A motion to recommit is addressed to the discretion of the court, and ordinarily will not be granted in the absence of a special reason for it. Henderson v. Foster, 182 Mass. 447. Nothing appears in the present case to show that the judge improperly exercised his discretion in denying the motion.
Eight exceptions were taken to the master’s report. They will be considered in their logical rather than their numerical *425order. The third, fifth, sixth and seventh exceptions relate solely to questions of evidence and are overruled. The fifth, sixth and seventh concern matters within the discretion of the master, and no error is shown in his action in this respect. The third exception relates to the exclusion of the original bill of complaint which with the jurat attached was offered by the defendant “ as bearing upon the genuineness of the plaintiff’s claim ” and also as contradictory to his testimony. It was excluded. The original bill is not before us, and having been superseded by the final bill of complaint upon which alone the case was tried although among the files, its office as a part of the pleadings is defunct. There is no copy of it in the record before us, nor any statement of its contents, nor does it appear in what way it was contradictory either to the claim made on the amended bill or to the testimony of the plaintiff. For aught that appears it may have been excluded by the master upon the ground that the variances and contradictions were so far immaterial upon the real questions before him as to render him no assistance. But, however that may be, the exception is too indefinite, and we are of opinion that it does not appear that the defendants might or could have been harmed by its exclusion.
The eighth exception concerns the “ statements, rulings, refusals to rule and refusals to report evidence and findings” contained in the report of the master under the head of “ Defendants’ requests of the master on various matters relating to the report in the foregoing case.” There are thirty-six different requests set out under this heading. Some of them, like the fifth and ninth, call for portions of the evidence, and are properly refused on that account; some, like the first and fifteenth, ask for findings upon the evidence and cannot be considered by us because the evidence is not reported; some, like the third and seventeenth, are granted in part and in part refused; and in some, such as the second, the master has complied with the defendants’ request. It is unnecessary to state in detail our conclusions upon these thirty-six requests. We have carefully examined them all, and as to all but the last, the thirty-sixth, which will be considered in connection with the first general exception, we find no error in law in the manner in which the master has dealt with them.
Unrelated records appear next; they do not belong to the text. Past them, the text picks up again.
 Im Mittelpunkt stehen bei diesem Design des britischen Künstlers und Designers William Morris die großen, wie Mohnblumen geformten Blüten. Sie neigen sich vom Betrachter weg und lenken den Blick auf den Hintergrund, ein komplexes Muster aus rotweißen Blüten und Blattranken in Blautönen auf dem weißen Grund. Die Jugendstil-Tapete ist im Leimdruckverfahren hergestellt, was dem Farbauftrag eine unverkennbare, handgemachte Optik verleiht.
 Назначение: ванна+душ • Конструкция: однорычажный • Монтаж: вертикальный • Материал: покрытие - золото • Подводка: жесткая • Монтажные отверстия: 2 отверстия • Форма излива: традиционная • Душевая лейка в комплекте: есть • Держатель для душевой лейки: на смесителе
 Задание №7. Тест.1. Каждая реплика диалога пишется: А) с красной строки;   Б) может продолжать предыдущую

*426The fourth general exception sets up the statute of frauds as to that part of the plaintiffs claim for work done for Green-berg and Eosenberg for which they owed him. But we think it sufficiently appears that there was a novation. This exception was therefore properly overruled. Ellis v. Felt, 206 Mass. 472, and cases cited.
The second exception deals with a matter of fact dependent upon the evidence and was properly refused.
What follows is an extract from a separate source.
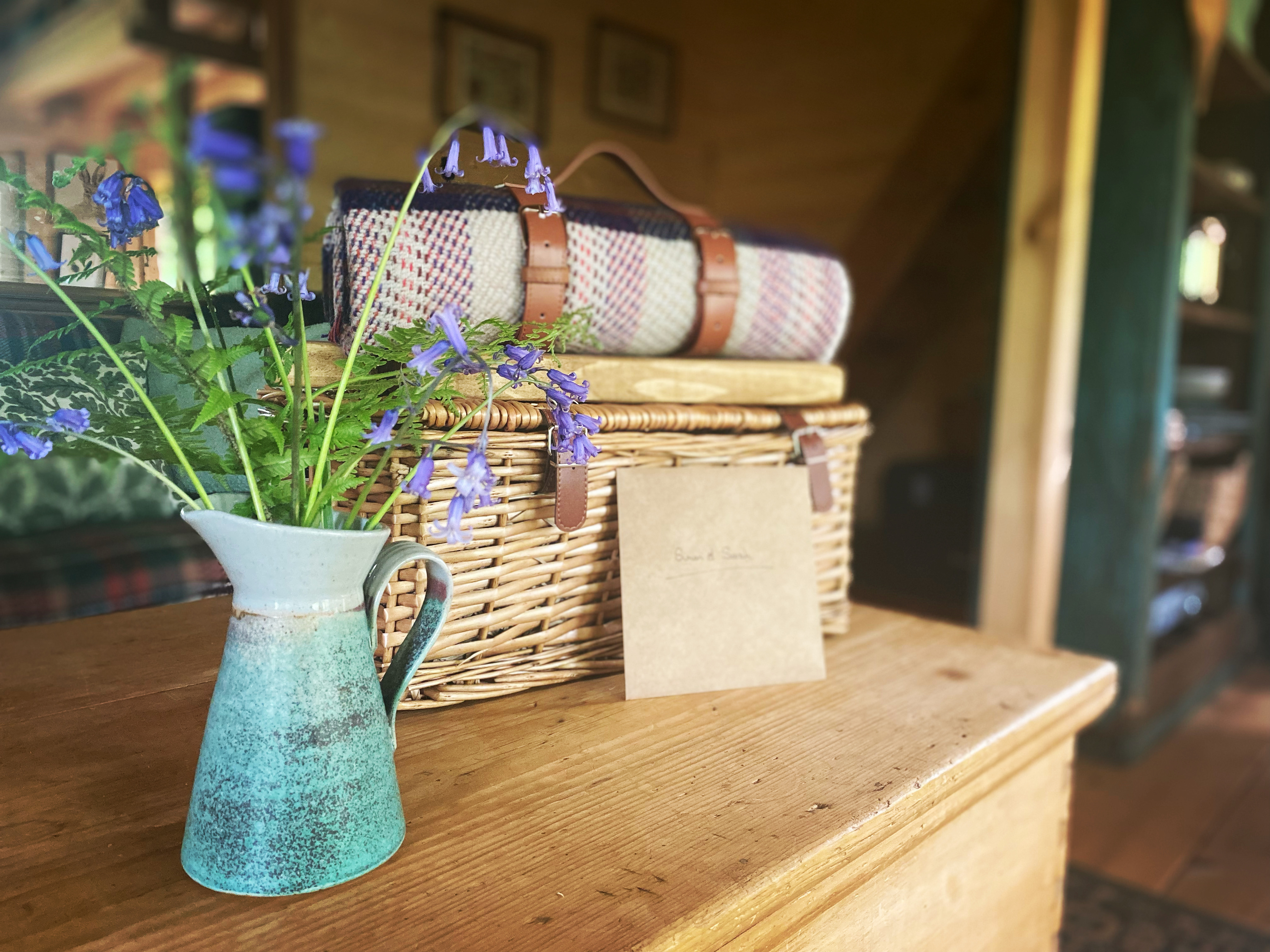 - Our Luxury Picnic Hamper (£240), also includes 2 hand thrown plates, wool picnic blanket with waterproof backing & slope sided, willow picnic basket with carry handle
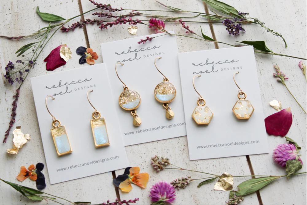 Rebecca Noel Designs is a handmade jewelry business based in the Cincinnati/Morrow, Ohio area, specializing in beautifully crafted resin jewelry that incorporates pressed flowers and botanical elements. Owner and artist Rebecca creates unique, elegant pieces — from necklaces to earrings — that capture the natural beauty of flowers and meaningful moments.

Upon the facts found by the master the contract was upon a trainable consideration, was not within the statute of frauds, and the defendants have failed to pay the plaintiff in accordance with the terms of the contract. The first general request and the thirty-sixth request contained in the “ statement ” alluded to in the eighth general request were properly overruled. The orders denying the motion to recommit and overruling the exceptions to the master’s report are affirmed, as is also the final decree.
So ordered.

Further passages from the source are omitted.